Should she go to Tahrir Square to join protestors against Hosni Mubarek’s
30-year regime, where she knew she would meet three Egyptian women activists
she had followed making the film, Egypt: We Are Watching You? Or should
she go to the World Economic Forum in Davos, where a lot of the country’s
leadership would be? Noujaim chose the latter.
“I
thought it would be interesting if the country exploded, and I was with them—it
was a perspective not many people would be getting,” she said. “So I went to
Davos, but, of course, none of the leadership showed up. Then I had to get back
as quickly as I could.”
At
the airport in Cairo, all of Noujaim’s equipment was taken—except her Canon
DLR, which the people who searched her took to be a still camera. Twenty
minutes after leaving the airport, Noujaim was arrested because military
intelligence had searched the car and found copies of Egypt: We Are Watching
You.
“Not
a great title for them to find when the country is exploding,” she said. “I was
taken in for about eight hours of questioning.”
Noujaim
had no idea who the men in plain clothes questioning her were and didn’t plan
to tell them anything, but she finally decided she didn’t want fear to dictate
her actions—something like what happened with all the people who went down to
the Square, she thinks.
“I
said, ‘Look, I don’t know who you are, I don’t know where I am, I don’t know
how long this will go on for, but you have me completely scared,’” she
recalled. “‘I have made a political film about three women in Egypt who I
consider heroines, and I think it’s a nationalistic movie.’”
When
the interrogators let Noujaim go, she went directly to Tahrir Square. The
daughter of an Egyptian father and an American mother, she grew up ten minutes
from the site of the huge protests that kicked off Arab Spring.
“I
found men, women, all different classes, all kind of planning the future of the
country. There was this incredible energy,” she said. “When I experience
something like that, I just want to share it with the world. In order to make a
film to share with the world, you need characters, and in the next two weeks, I
met all the characters and the crew.”
Setting
up a tent in Tahrir, she found the people she follows in the documentary to
tell the story of Mubarek stepping down in 2011, and then Mohammed Morsi being
deposed in 2013: Magdy Ashour, a Muslim Brotherhood member and father
undergoing a crisis of faith; Ahmed Hassan, a young working-class man who draws
people to him; and Khalid Abdalla, a British-Egyptian actor (The Kite
Runner, United 93) who left London to join the revolution.
Noujaim
initially followed a few others. One of them, Dina, a student, disappeared and
didn’t answer her cell phone.

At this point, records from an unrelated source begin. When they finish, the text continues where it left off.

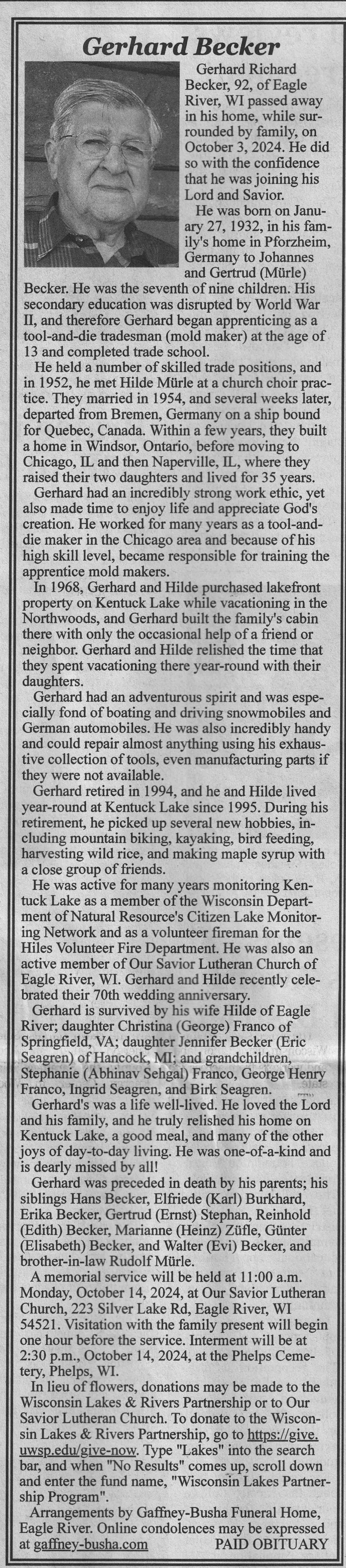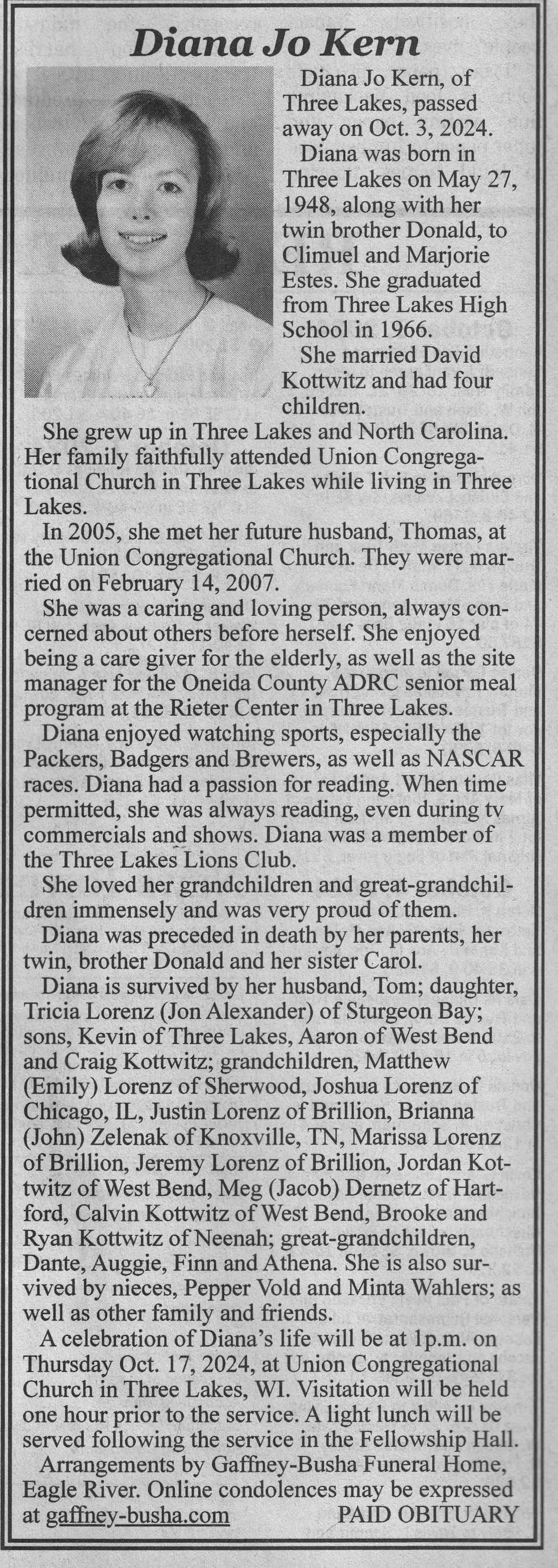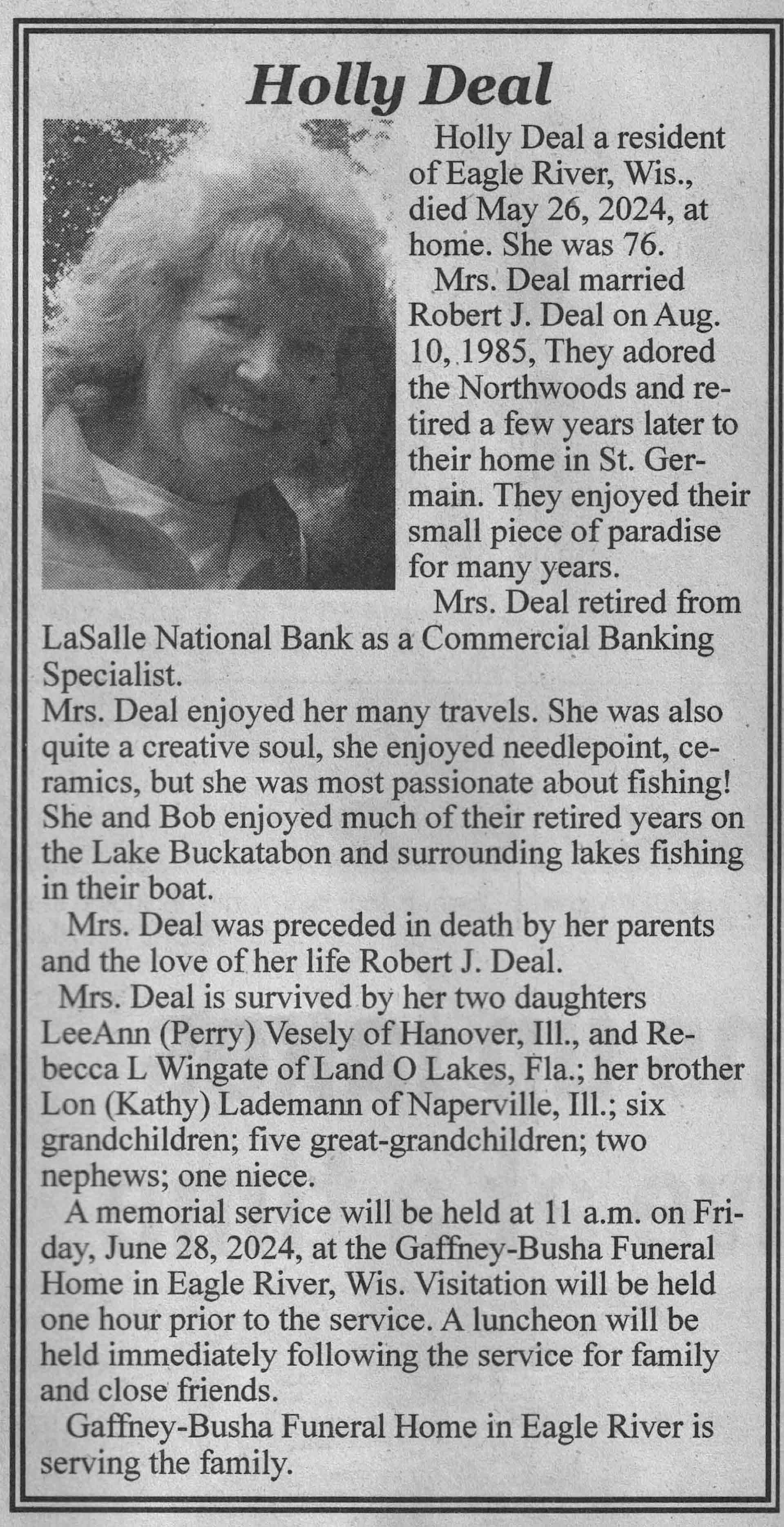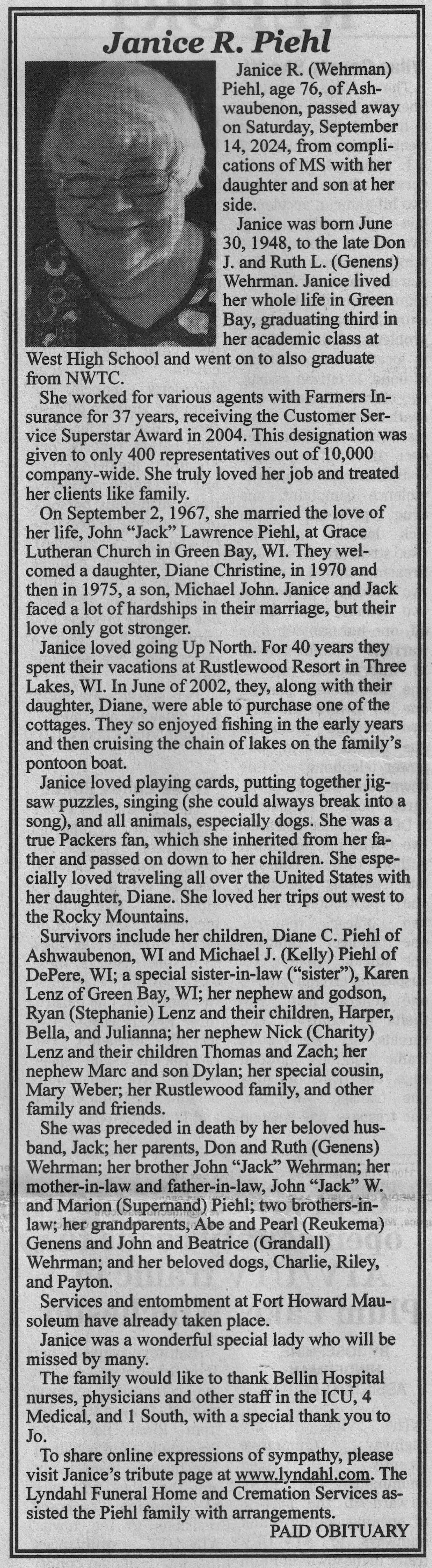| Piehl | Janice R (Wehrman) | 30 Jun 1948 | 14 Jul 2024 | VCNR | 25 Sep 2024 | 7A |
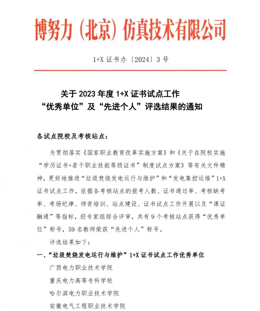 学院在2023年度1+X试点工作中表现突出,被评为2023年度“垃圾焚烧发电运行与维护”1+X证书试点工作“优秀单位”,动力工程系陈雷宇、韩佳园两名教师被评为1+X证书试点工作“先进个人 ”。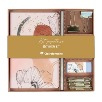 Clairefontaine 115984C un Kit de Papeterie contenant Carnet 11x17 cm 64 Pages Lignées, Crayon Papier, 2 Pinces Doubles Clip, 10 Trombones et une Gomme Collection Evanescence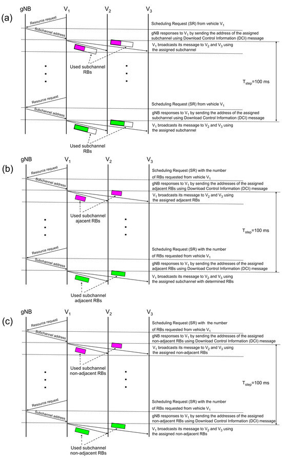 Figure 3 presents the message exchange between the base station gNB controlling the assignment of resources in its coverage area and the mobile stations located onboard the vehicles located in this area. Figure 3a shows the current procedure performed according to the 3GPP standard [7]. Figure 3b,c illustrate the message exchange for two algorithms presented in this paper. It is assumed that the terminal in vehicle initiates the request for resources, and when it receives them from the gNB, it broadcasts its messages to the neighboring terminals and . When comparing all three figures, it is evident that the proposed algorithms lead to savings in the assigned RBs, so potentially more terminals can be served within the coverage area. It is worth stressing that from the control point of view, the proposed algorithms require only small changes in the message containing the resource request.

Noujaim and the crew worried she had been
arrested, but they found out later her parents had stopped allowing her to go
to Tahrir.
“After
the March clearing, it was quite brutal,” Noujaim said. “Women were being
arrested and virginity tests were being performed on them, and parents were
legitimately concerned about their daughters.”
They
had an office nearby—along with a friend’s apartment they could go to, Noujaim
says, but there were still plenty of scary moments.
“If
you had told me five years ago I would be running through tear gas and bullets
and away from police and Army, I would have said, ‘No way,’” Noujaim said. “But
there’s something that happens when you see people willing to put everything on
the line. It gave me a reserve of power and strength. You somehow feel like
there’s nothing more important than what you’re doing at that time, and you
can’t let fear stand in the way.”
Along
with Egypt: We Are Watching You, Noujaim’s other films include Control
Room, about the television network Al Jazeera, and Rafea: Solar Mama, about a
Jordanian woman training as a solar engineer in India. Noujaim is a huge
believer in the power of film and images; when she won a $100,000 TED prize for
one world-changing wish, used it for Pangea Day—for people around the globe
sharing stories and experiences on film. Because of this belief that
storytelling creates change, Noujaim and her crew trained others to make media.